Information shown
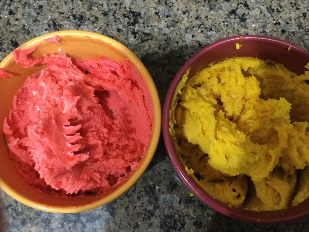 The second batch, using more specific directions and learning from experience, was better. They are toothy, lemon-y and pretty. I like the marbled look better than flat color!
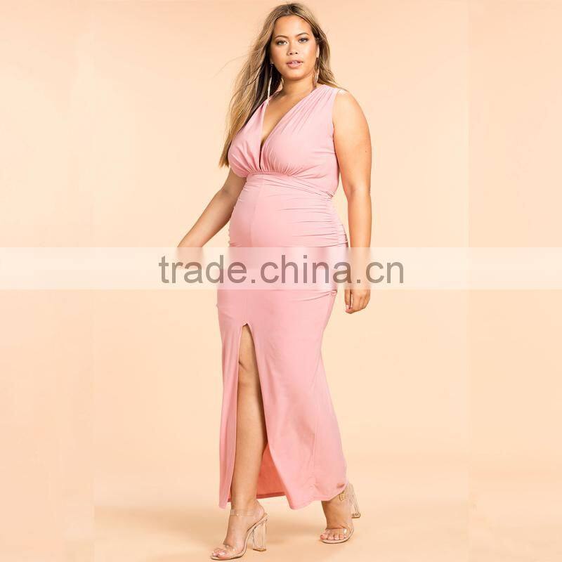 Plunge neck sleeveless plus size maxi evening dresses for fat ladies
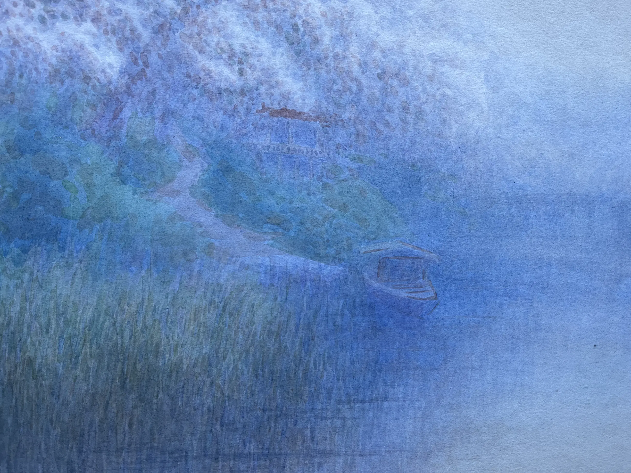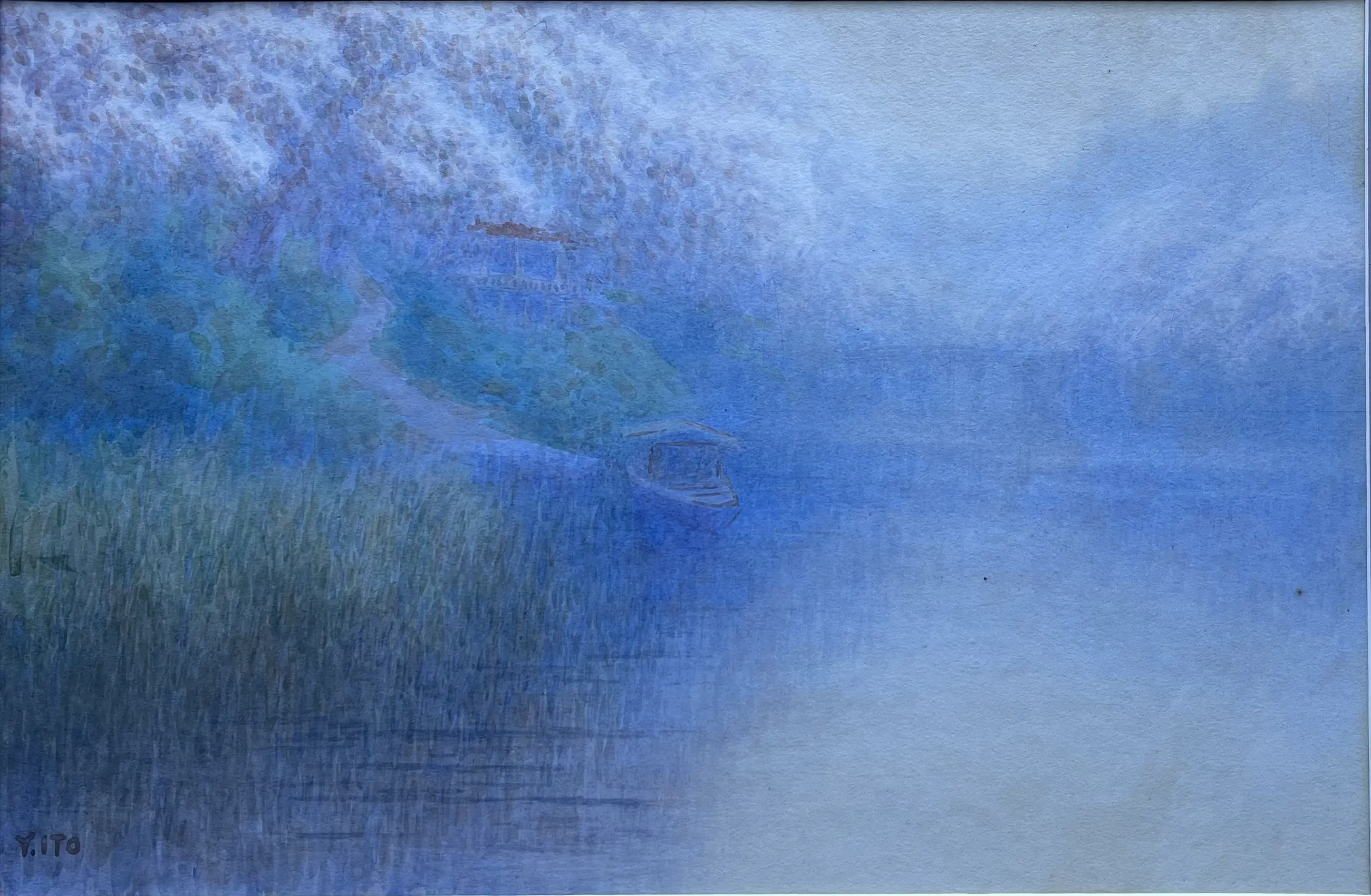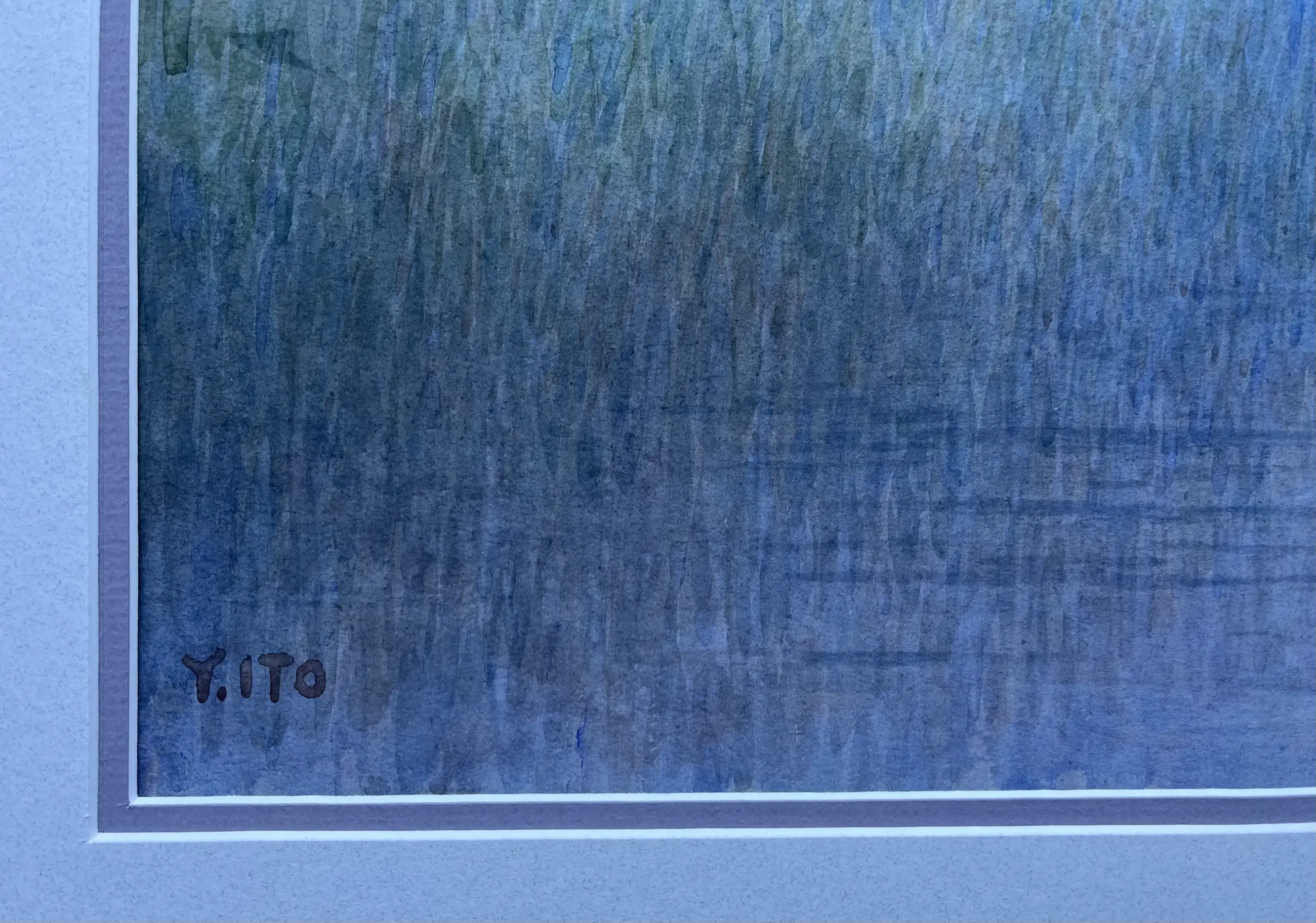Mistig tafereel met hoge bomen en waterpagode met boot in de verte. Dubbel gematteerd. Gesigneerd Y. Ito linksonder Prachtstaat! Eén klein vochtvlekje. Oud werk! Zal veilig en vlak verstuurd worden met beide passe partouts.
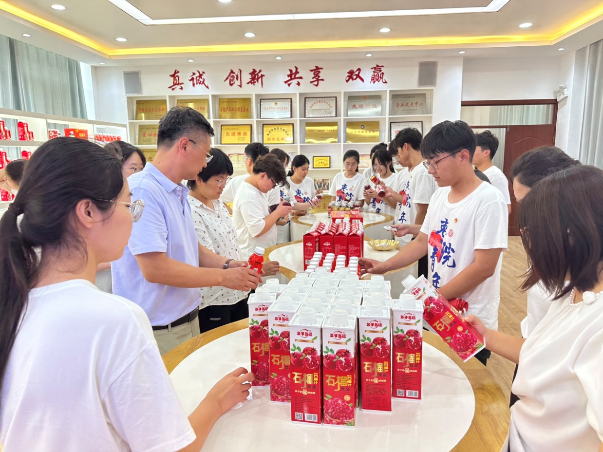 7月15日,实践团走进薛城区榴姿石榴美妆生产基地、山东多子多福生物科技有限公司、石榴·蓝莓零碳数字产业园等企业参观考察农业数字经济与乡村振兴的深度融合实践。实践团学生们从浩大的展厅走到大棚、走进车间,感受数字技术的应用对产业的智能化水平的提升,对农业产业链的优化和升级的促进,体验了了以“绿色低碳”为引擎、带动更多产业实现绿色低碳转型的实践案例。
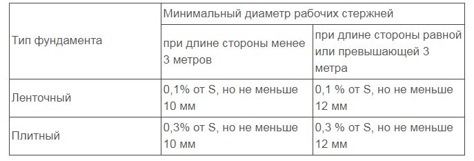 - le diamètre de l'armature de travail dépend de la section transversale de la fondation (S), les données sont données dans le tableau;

Work to be completed
Only the lines from the beginning of the listing up to and including the line with "Mistig tafereel met" should appear in the reply, copied word for word and free of pictures.

Written answer
 The second batch, using more specific directions and learning from experience, was better. They are toothy, lemon-y and pretty. I like the marbled look better than flat color!
 Plunge neck sleeveless plus size maxi evening dresses for fat ladies
Mistig tafereel met hoge bomen en waterpagode met boot in de verte. Dubbel gematteerd. Gesigneerd Y. Ito linksonder Prachtstaat! Eén klein vochtvlekje. Oud werk! Zal veilig en vlak verstuurd worden met beide passe partouts.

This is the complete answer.